Street cleaning fees to be adjusted
02.08.2021 – Clean streets are a city's calling card. Who is responsible for cleaning them is regulated by the street cleaning statutes. In streets where Stadtwerke Offenbach's Stadtservice takes on the task, the associated fee statutes regulate how much citizens have to pay. In Offenbach, these statutes have now been regularly reviewed. They have been adapted for the period 2021 to 2023 and brought up to date legally.
City Councillor and Treasurer Martin Wilhelm and Christian Loose, Deputy Head of ESO Eigenbetrieb der Stadt Offenbach, explained the changes planned for October 1, 2021 during the City Council press conference. The city parliament must now approve the proposal.
The city is legally obliged to recalculate the fees. The result of the latest review: Where Stadtservice employees clean sidewalks and streets, the cleaning fees are to be increased by 17 percent as of October 1, 2021, bringing them back to the level of three years ago after a reduction of around 17 percent in 2018.
Fees must cover costs
These regular adjustments are necessary because fees must cover costs. In 2018, a surplus was accumulated from previous years. Any money collected in excess must be returned to citizens within five years. This has been done in Offenbach over the past three years by reducing charges. Now this so-called fee equalization provision has been used up as planned. To ensure that Stadtservice can continue to pay the street sweepers, maintain the fleet of vehicles required for cleaning and dispose of the garbage to cover its costs, the fees will be raised again to the 2018 level.
The increase will vary depending on the cleaning class of the respective street: For example, if a street is cleaned once a week by Stadtservice, residents will have to pay €7.56 more per year for seven meters of sidewalk - that's 63 cents a month. If the street sweepers come four times a week to clean 15 meters of sidewalk, they will have to pay 68.40 euros more per year - that's 5.70 euros per month. In the streets with the higher cleaning classes, the residents are mostly commercial businesses or multi-storey buildings, where the costs can be shared between several tenants by the owner.
Criteria for the classification of cleaning classes were reviewed
Streets in Offenbach are divided into cleaning classes according to a sophisticated points system. The respective criteria for awarding these points have now also been reviewed. These include, above all, the type and density of development, but also whether there are many trees there that shed flowers, leaves or bark, how busy the street is, for example because of a bus stop or a daycare center, and how dirty the street and sidewalk are in general.
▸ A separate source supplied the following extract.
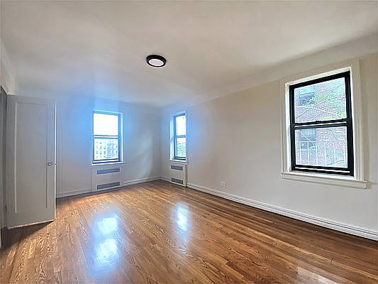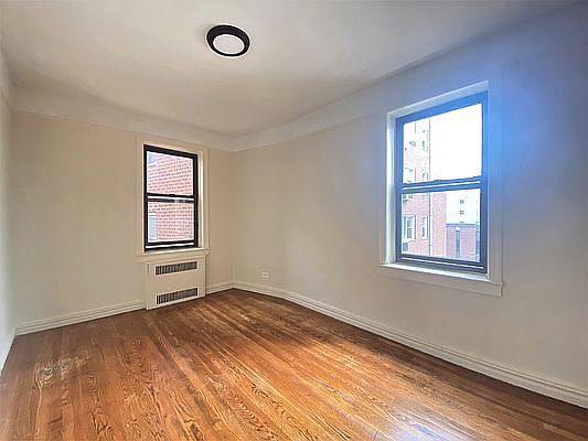 Large and sunny two bedroom apartment with eat-in kitchen and dining room. Approximate dimensions: LR: 18'7" x 13'11", BR1: 18'7" x 11'10", BR2: 13'11" x 9'6", DR: 11'2" x 9', Kt: 9'10" x 6'6" Elevator and laundry room. Pets case by case! Video available upon request!

Citizens whose streets are cleaned by local residents are not affected by the fee increase. Here, the homeowners themselves are responsible for ensuring that the sidewalk, gutter and street are swept regularly. The scope and nature of the cleaning obligation are made clearer in the new version of the street cleaning statutes than in the current document.
Clear regulations for cleaning residents
This means that residents' cleaning also includes the proper disposal of garbage, either in their own waste bins or, in the case of autumn leaves, at the recycling center. While it was previously only prohibited to simply sweep the autumn leaves - including those from municipal trees - in front of the property or the paper handkerchiefs lying on the sidewalk into the gutter, onto the tree grates or into the bins, this convenience is now an offense. A fine can be imposed for this.
In future, this will also apply to the use of herbicides. Anyone who illegally uses chemical mace to combat wild growth on the sidewalk or in the gutter must also expect a fine when the new bylaws come into force.